— И Густав Густавович будет? — спросил я.
— Кто? — с испугом переспросил Булкин и перекрестился. — Во имя Отца и Сына и св. Духа, что это вы его не к месту поминаете?
— Куда ему!! — поддержал Лазо.
Булкин извлек из кармана огромных размеров ключ и пару толстых коротких свечей и передал все Лазо. Вид у последнего сделался серьезным и даже глупым.
— Гитару захвати! — деловито прошептал он, хотя шептать надобности еще не было. Он передернул ногами, расправил плечи и пошел к дому. По дороге надел фуражку, застегнул китель, заложил руки за спину и замурлыкал.
Приблизительно через четверть часа двинулись за ним и мы. Если бы кто-нибудь посторонний встретил нас, то непременно счел бы за злоумышленников — так подозрительно мы вели себя, оглядываясь и останавливаясь при малейшем шорохе впереди.
Веранда была пуста. Не оказалось никого и в зале. Булкин взял одну из двух гитар, лежавших на рояле, и мы вошли в коридор; у гостиной навстречу попалась Марина Семеновна, и по тому млеющему выражению, какое сразу, как масло, разлилось при виде нас по постному лицу ее, я сразу понял, какая «грусть» служила причиной ее всегдашнего «положения».
— Вот это гостиная… — тоном гида произнес Булкин, входя в дверь и подмигнув мне; Марина Семеновна задержалась в коридоре и, видимо, подслушивала.
— Посмотрите на эти альбомы… — монотонно продолжал Булкин, — все семейные, но внимания не заслуживают!
Превосходная люстра… пока не упала кому-нибудь на голову! Замечательный диван, но садиться лучше прямо на пол, ибо все равно на полу очутитесь!
Спина Марины Семеновны скрылась, и Булкин прервал свое красноречие, выглянул в коридор и, убедившись, что путь свободен, поманил меня; на носках мы прокрались в почти пустую, темно-зеленую буфетную. Можно было сто раз пройти по ней и даже не заподозрить, что из нее имеется вход в погреб — так плотно и незаметно сливалась дверь со стеной. Булкин быстро толкнул в нее рукой, и открылся черный провал вниз. Дверь за ним затворилась; Булкин щелкнул ключом, и мы стали спускаться по каменным ступенькам. Снизу брезжил свет, можно было различить, что мы идем по сводчатому коридору. Охватило мягким, подвальным воздухом. Спуск был короткий, ступеней в пятнадцать, и мы попали в невысокую сводчатую же комнату; ее освещали два окошка, пробитые у самого свода и зарешеченные толстыми железными прутьями; оттуда глядела крапива, казавшаяся почти прозрачно-зеленой, и клочки синего неба.
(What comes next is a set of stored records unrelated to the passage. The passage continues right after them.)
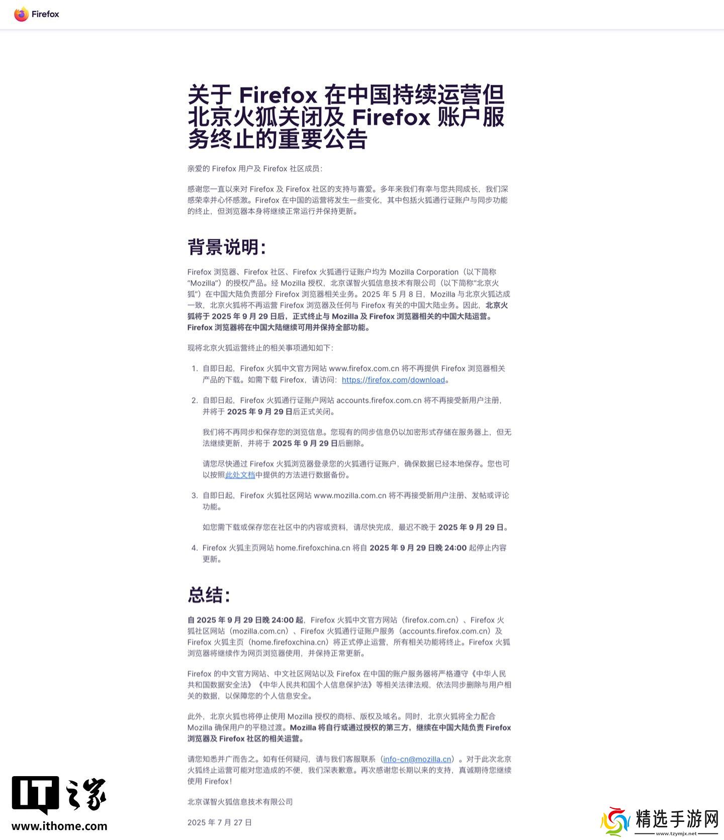 本站 7 月 27 日消息,据 Firefox 火狐浏览器官网,北京火狐将于 2025 年 9 月 29 日后正式终止与 Mozilla 及 Firefox 浏览器相关的中国大陆运营。Firefox 浏览器将在中国大陆继续可用并保持全部功能。
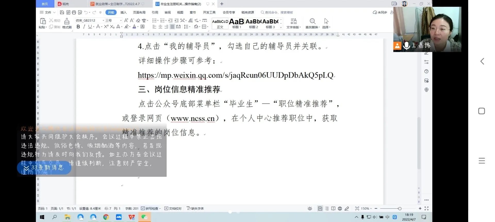 为提供精准就业创业指导服务,扎实推动2022届毕业生就业创业工作,4月7日下午,我院面向2022届毕业生开展以“2022年高校毕业生就业创业政策宣讲”为主题的宣讲会。会议由学生工作办公室主任王嘉豫主持,采用腾讯会议的形式召开,全体2022届毕业生参会。
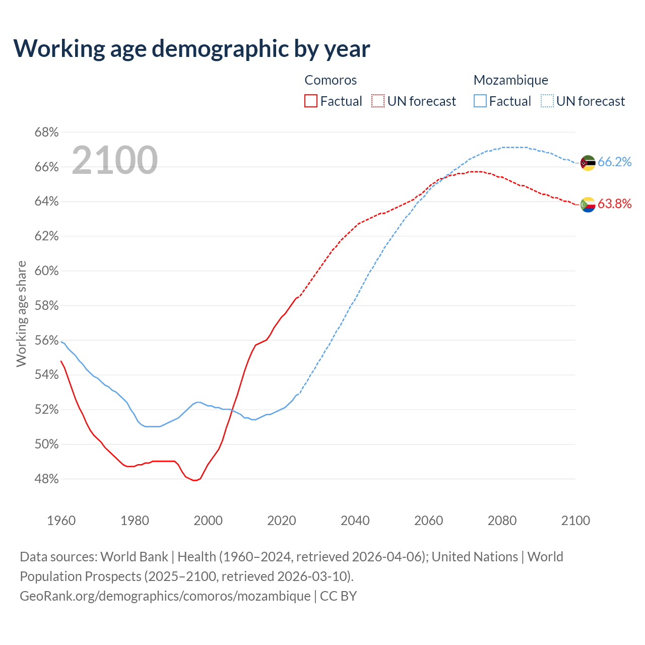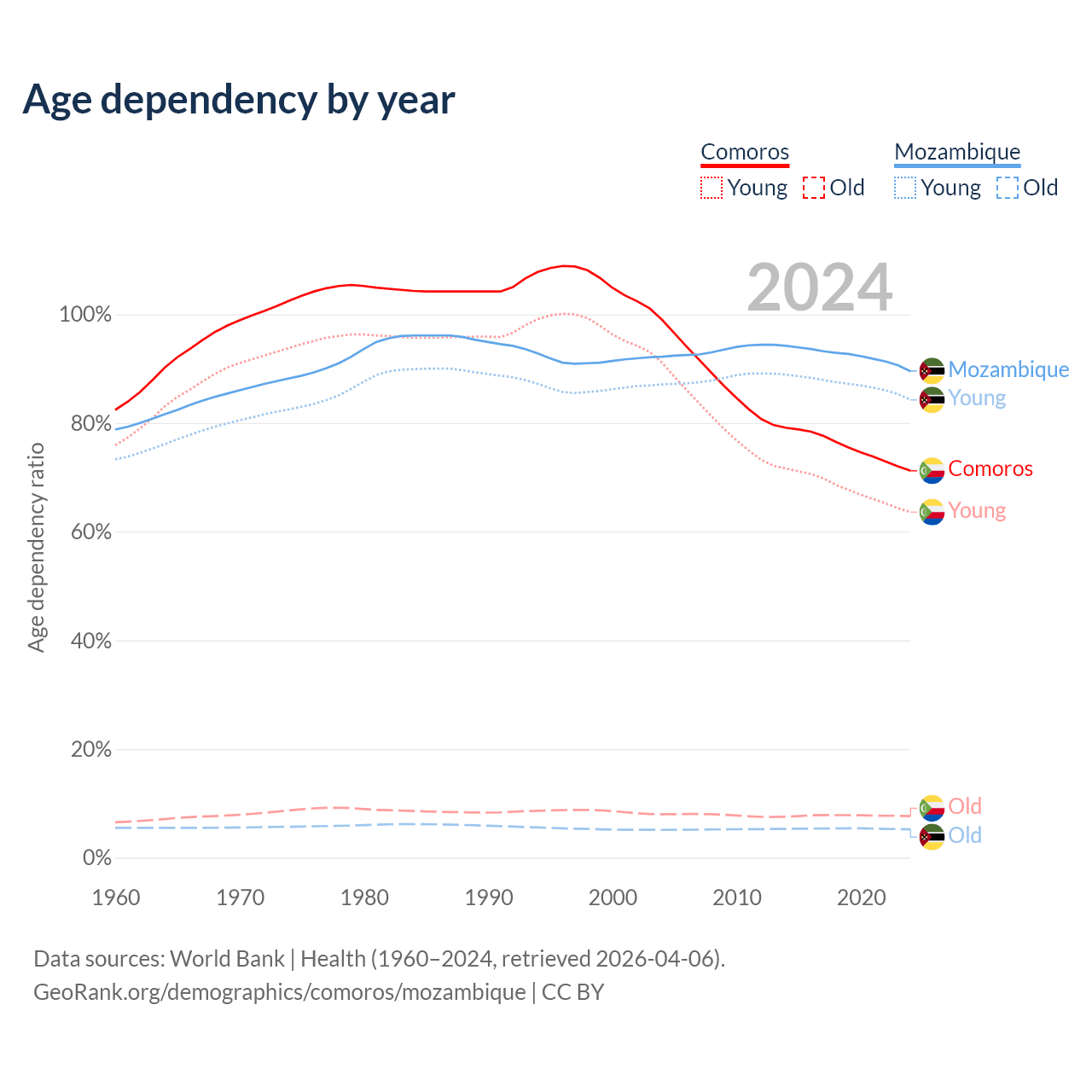 - The share of old-age demographic (65+) in Comoros is 4.47% vs 2.75% in Mozambique.
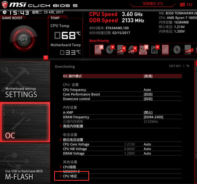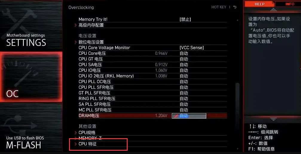 2、点选左边”OC”的选项,然后在中间设置下面找到“CPU Features“的选项
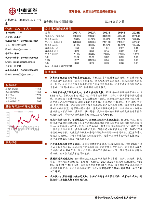 【中泰证券】【20230804】20230804-中泰证券-吉林敖东-000623.SZ-攻守兼备,医药主业有望迎来价值重估-27页
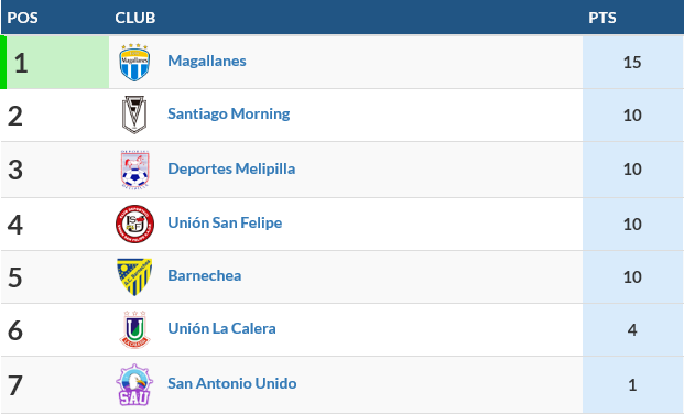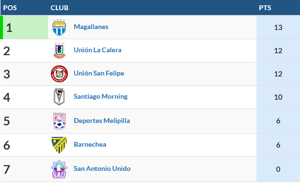 - Tabla de Posiciones sub 19

Комната была совершенно пуста; с правой стороны в стене темнел другой проход; в нем блеснул свет и под низкой аркой показался Лазо с зажженной свечою в руке.
— Гряди, гряди, голубица!! — пропел он, дирижируя свечой. Вслед за ним мы вступили в темную квадратную пещеру; окон в ней не имелось. Близ выхода, в левом углу, на земляном полу стоймя стояла широкая бочка; на ней горела свеча и при желтоватом свете ее из отступивших потемок волнистою линией смутно намечался ряд из пяти двадцативедерных бочек; стены были скрыты полками; на них тесно лежали и стояли бесчисленные бутылки.
— Кителя долой! — скомандовал Лазо. — Иначе перемажемся все как черти!
…И он скинул с себя китель и повесил его на давно хорошо известный невидимый гвоздик. Я и Булкин сделали то же.
Булкин взял с бочки вторую свечу, и мы медленно обошли подвал. И бочки, и бутылки покрывала густая пыль; на нижних полках нарос особый серый мох и плесень. Над полками белели ярлычки с надписями: «Токайское 1847 г.», «Рейнвейн 1833 г.», «Лафит 1866 г.» и т. д.
В бочках находились крымские столовые вина; в самой задней заключалась водка. И они были не заурядные — старый барон умер пятнадцать лет назад, и после его смерти уже ни одной капли вина не поступило в забытый подвал.
— А стаканы где же? — спохватился я. Лазо захохотал.
— Не беспокойся, здесь все предусмотрено! — сказал он. — Все в тайниках размещено! — Он нагнулся и пропал со свечой за днищем бочки; из-за нее стало изливаться слабое сияние; ухо уловило позванивание стекла.
Булкин подкатил из разных мест три небольших, пустых бочонка и расставил их вокруг импровизированного стола. Лазо явился со штопором и несколькими высокими гранеными стаканчиками. Из противоположного угла Булкин извлек пару жестяных коробок и откупорил их; там оказались шоколадная соломка и печенье Альберт.
— Однако!! — только и нашелся я сказать, глядя на превращение бочек в стол и стулья и появление произведений Жоржа Бормана[55].
— Голь на выдумки хитра! — ответил Булкин. — Теперь черед за вином; какое кому угодно?
Мы опять обошли подвал. Я, помня историю у Чижикова, выбрал себе длинную, узкогорлую бутылку с легким рейнвейном; Булкин принес алое, как гранат, густое Нюи и такое же Марго; Лазо притащил в объятиях целую кучу бутылок разных фирм.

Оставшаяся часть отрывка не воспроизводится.